ABOUT THIS EXERCISE: From the first line of the entries down to the line with "An 1852 Gothic", write out every line exactly; that last line counts, but pictures do not.

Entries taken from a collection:
◆ ◆ ◆ ◆ ◆

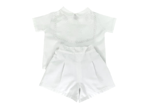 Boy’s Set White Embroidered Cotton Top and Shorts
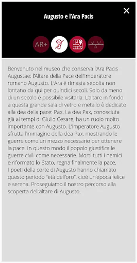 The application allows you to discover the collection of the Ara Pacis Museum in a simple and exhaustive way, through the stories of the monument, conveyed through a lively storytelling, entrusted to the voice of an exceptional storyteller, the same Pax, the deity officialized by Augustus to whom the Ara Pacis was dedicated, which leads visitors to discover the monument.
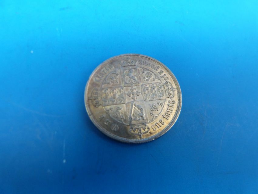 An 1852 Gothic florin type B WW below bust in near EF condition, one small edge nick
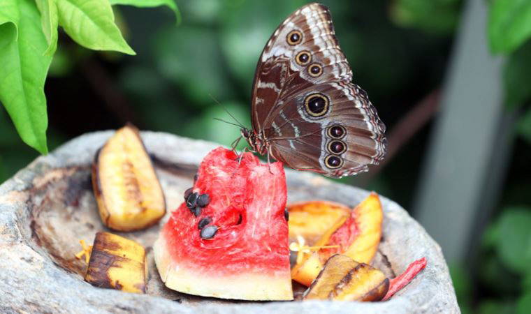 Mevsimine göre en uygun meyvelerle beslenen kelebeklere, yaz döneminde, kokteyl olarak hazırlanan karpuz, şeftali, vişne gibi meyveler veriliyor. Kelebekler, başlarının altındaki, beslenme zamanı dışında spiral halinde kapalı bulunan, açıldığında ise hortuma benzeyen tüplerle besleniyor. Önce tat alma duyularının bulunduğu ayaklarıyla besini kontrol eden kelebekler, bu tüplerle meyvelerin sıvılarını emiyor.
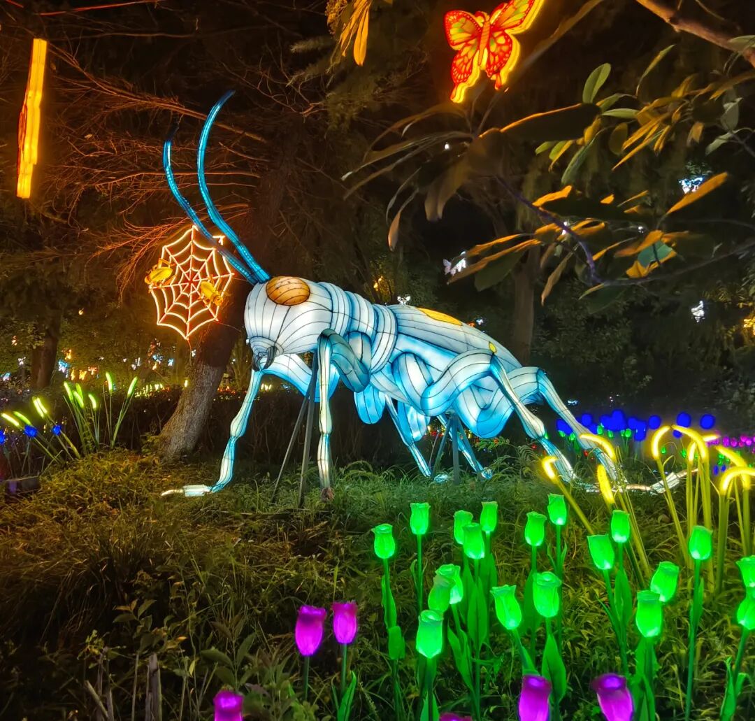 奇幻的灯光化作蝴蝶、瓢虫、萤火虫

◆ ◆ ◆ ◆ ◆

TASK SOLUTION:
 Boy’s Set White Embroidered Cotton Top and Shorts
 The application allows you to discover the collection of the Ara Pacis Museum in a simple and exhaustive way, through the stories of the monument, conveyed through a lively storytelling, entrusted to the voice of an exceptional storyteller, the same Pax, the deity officialized by Augustus to whom the Ara Pacis was dedicated, which leads visitors to discover the monument.
 An 1852 Gothic florin type B WW below bust in near EF condition, one small edge nick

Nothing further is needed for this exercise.